GRNOC NetSage Deidentifier 0.0.4 -- Mon Nov 7 2016


Features:

  • ISSUE=2157 PROJ=160 Add new required fields: sensor ID and sensor type, to netflow importer
  • ISSUE=1879 PROJ=160 Changed log messages to include the process name and use different formatting. Made it so that when pipeline processes are started up, they quit immediately if they cannot connect to rabbit.

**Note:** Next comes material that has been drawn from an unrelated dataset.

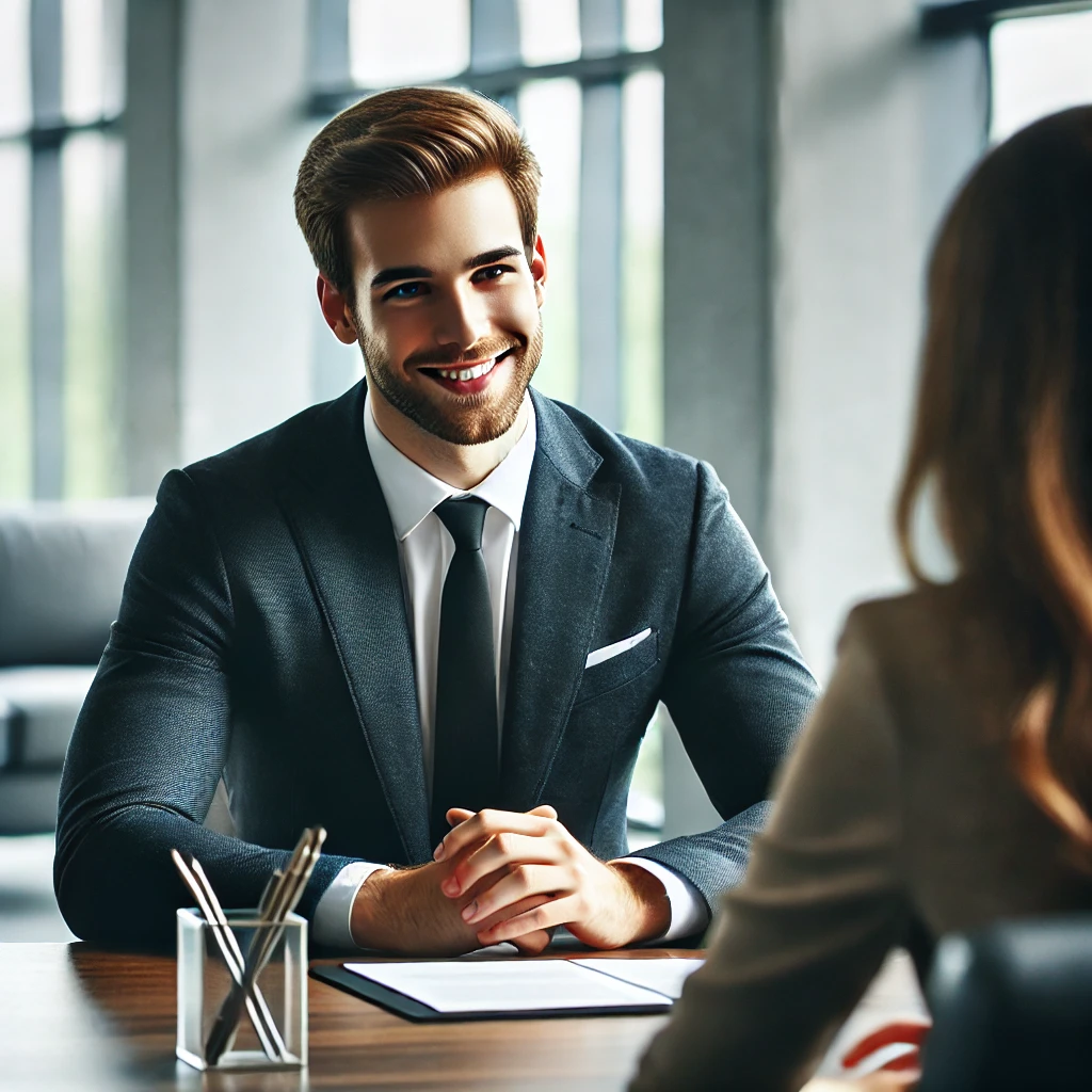 Image: I will now create an image that represents Chester dressing professionally and engaging with a client in a business setting.

Added a reminder to the user to check for process.
  • ISSUE=2210 PROJ=160 Added the ability to archive flow data to .jsonl files, as well as import these files. This also includes support for rabbit exchanges and durability parameters
  • ISSUE=2455 PROJ=160 Ability to import/export data to/from TSDS

Bugs:

  • ISSUE=1879 PROJ=160 Fixed netflow-importer-daemon so it goes into the background when started. Create /var/cache/netsage/ on install Fixed issues that prevented pipeline processes from stopping correctly Fixed an issue where the netflow importer would die (now it logs an error message)

GRNOC NetSage Deidentifier 0.0.3 -- Wed Aug 24 2016


Features:

  • ISSUE=1359 PROJ=160 Create netflow input module

Bugs:

  • ISSUE=1643 PROJ=160 Improve logging in pipeline

GRNOC NetSage Deidentifier 0.0.2 -- Mon July 25 2016


Features:

  • ISSUE=635 PROJ=160 Added flow stitching functionality.

GRNOC NetSage Deidentifier 0.0.1 -- Fri April 1 2016


Features:

  • ISSUE=543 PROJ=160 Initial implementation of NetSage flow deidentification pipeline.